The Tennessee Valley Authority expects to decide in March whether to spend $2.2 billion to replace its former 1.5 GW coal-fired power plant in Kingston, Tenn., with a gas-fired facility the same size as says it could burn 5 percent hydrogen, along with a new 122-mile natural gas pipeline and 100 MW of battery storage.
The details are in a final environmental impact statement the federal power producer released Feb. 16 in which it lists the gas plant as its preferred replacement energy option. The 70-year-old, nine-unit Kingston coal plant, which was the world’s largest coal-fired plant when it first began operating, would be demolished when the new facility opens in late 2027.
The alternative options TVA considered were building multiple solar generation and energy storage units on its territory and continuing to operate the Kingston plant, including repairs, maintenance and upgrades to keep it running while continuing to phase out its coal ash waste.
The plant was the site of a massive coal ash spill in 2008, when more than billions of gallons of ash and debris spilled across 300 acres of northeast Tennessee and into the Emory River. TVA paid $28 million to coal ash victims in 2014, and the cleanup cost it about $1 billion. The litigation involving repair workers against cleaning contractor Jacobs Engineering lasted until a 2023 settlement with the plaintiffs. Terms of the settlement and damages were not disclosed. The incident has also tightened regulation of hundreds of coal ash disposal sites in the US
A proposal that would apply to inactive surface impoundments (ponds, landfills and other impoundments at coal plants that ceased operations or no longer accepted coal ash waste prior to the implementation of a 2015 federal rule) it will be final this year.
Flexible, faster to build, TVA says
The proposed combined-cycle gas plant would replace capacity lost by closing Kingston and support projected growth in energy demand in the region, TVA’s environmental review says. The facility could burn up to 30 percent hydrogen with modifications once a reliable fuel source is identified, he adds. According to TVA, the gas plant is the lowest cost and most reliable option and could be built the fastest. It would also add the flexibility needed to add 10,000 MW of solar power to the TVA system by 2035, which the producer has already announced.
TVA CEO Jeff Lyash will make the final replacement decision, spokesman Scott Brooks told ENR.
Last year it approved a plan to build a 1.45 GW combined-cycle gas plant to replace a unit at TVA’s Cumberland coal-fired facility in Stewart County, Tenn., despite concerns expressed about its environmental review.
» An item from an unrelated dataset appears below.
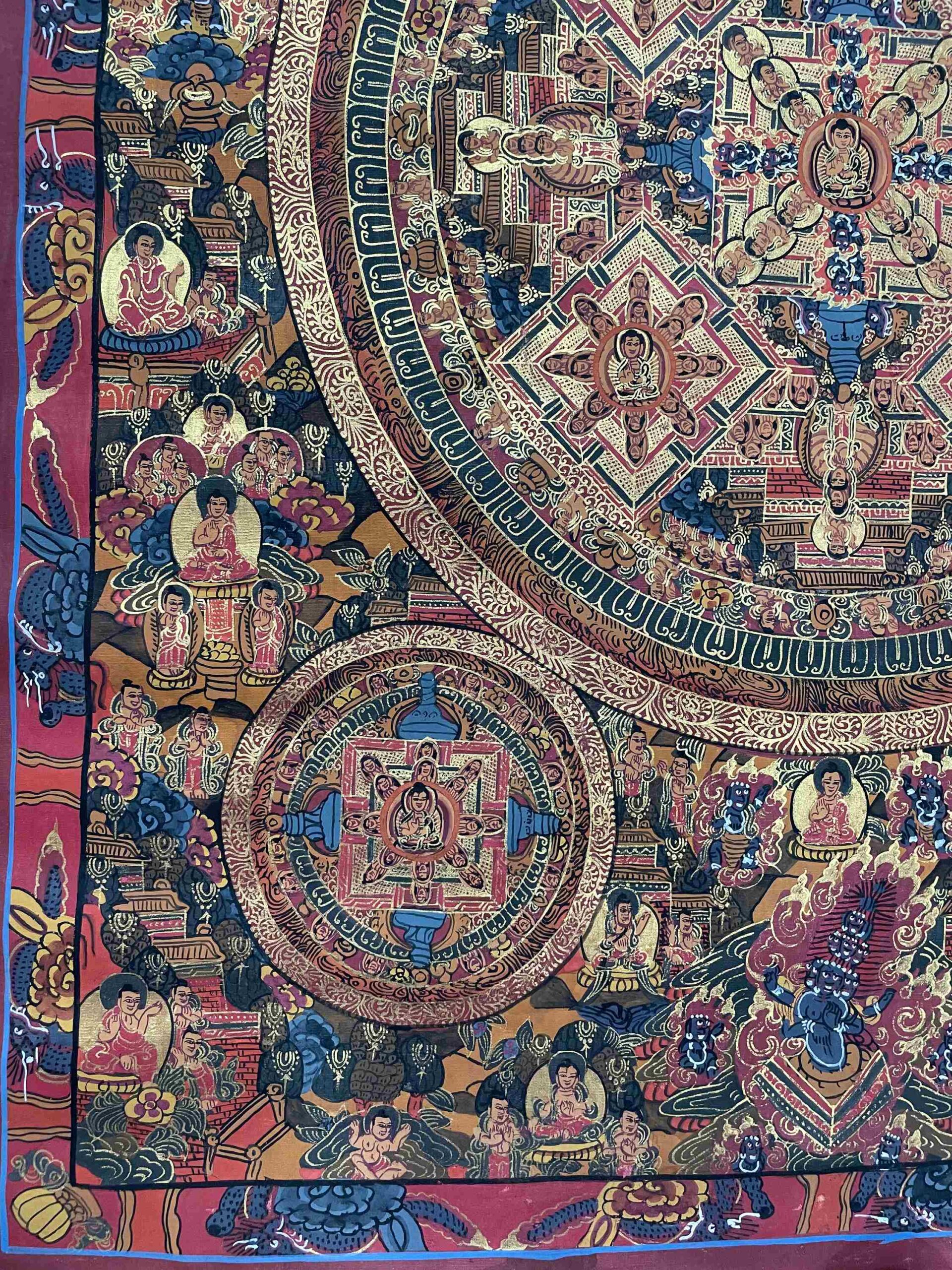 A mandala is a symmetrical, geometric design used in Buddhist practice as a sacred space for meditation and reflection. In this thangka, the Pancha Buddhas are positioned with precision, each surrounded by intricate patterns and spiritual motifs that reflect the cosmic structure of enlightenment. Through detailed brushwork and profound symbolism, mandala thangkas guide viewers inward on a path toward inner peace, focus, and self-realization.

TVA would build the new gas plant to operate by 2026. The Federal Energy Regulatory Commission earlier this month approved a natural gas pipeline to support it. TVA would retire the second unit by the end of 2028
TVA, which also plans to invest $1.5 billion through 2027 in energy efficiency and demand response programs, will accept public comments on its Kingston environmental review until July 3.
Environmental groups criticized Kingston’s preferred alternative, saying the gas plant would worsen the impacts of climate change and threaten hundreds of waterways along the pipeline’s 122-mile route.
“As the nation’s largest utility, it is time for TVA to shift its power generation to clean and safe energy sources,” the Sierra Club said in a statement.
Fusion Power Prototype Located
Meanwhile, TVA will host a prototype fusion power plant at a decommissioned coal plant being developed by Type One Energy Group, the company said Feb. 21.
Construction could begin in 2025 at the former 865 MW Bull Run coal-fired facility in Tennessee to verify the design features of the developer’s “stellarator” fusion technology after completing environmental reviews, permitting and operating licenses.
Type One Energy has said it plans to invest more than $220 million in the region over the next five years.
TVA, the company and the US Department of Energy’s Oak Ridge National Laboratory in Oak Ridge, Tenn., signed an agreement last year to develop and commercialize fusion energy technologies.
“Type One Energy is committed to making commercial fusion a reality over the next decade,” he said in a statement.
Oak Ridge Principal Stephen Streiffer said it has pioneered fusion science and technology since the early 1950s and will work with the company on engineering the pilot. “It’s exciting to see a project in Oak Ridge with such great potential to advance fusion energy,” he said.
The developer’s Infinity One fusion reactor prototype has a different design than the tokamak fusion reactor being tested and developed in Europe.
Type One officials said the Tennessee project will allow its design features to be verified for affordability, reliability, maintainability and operational efficiency.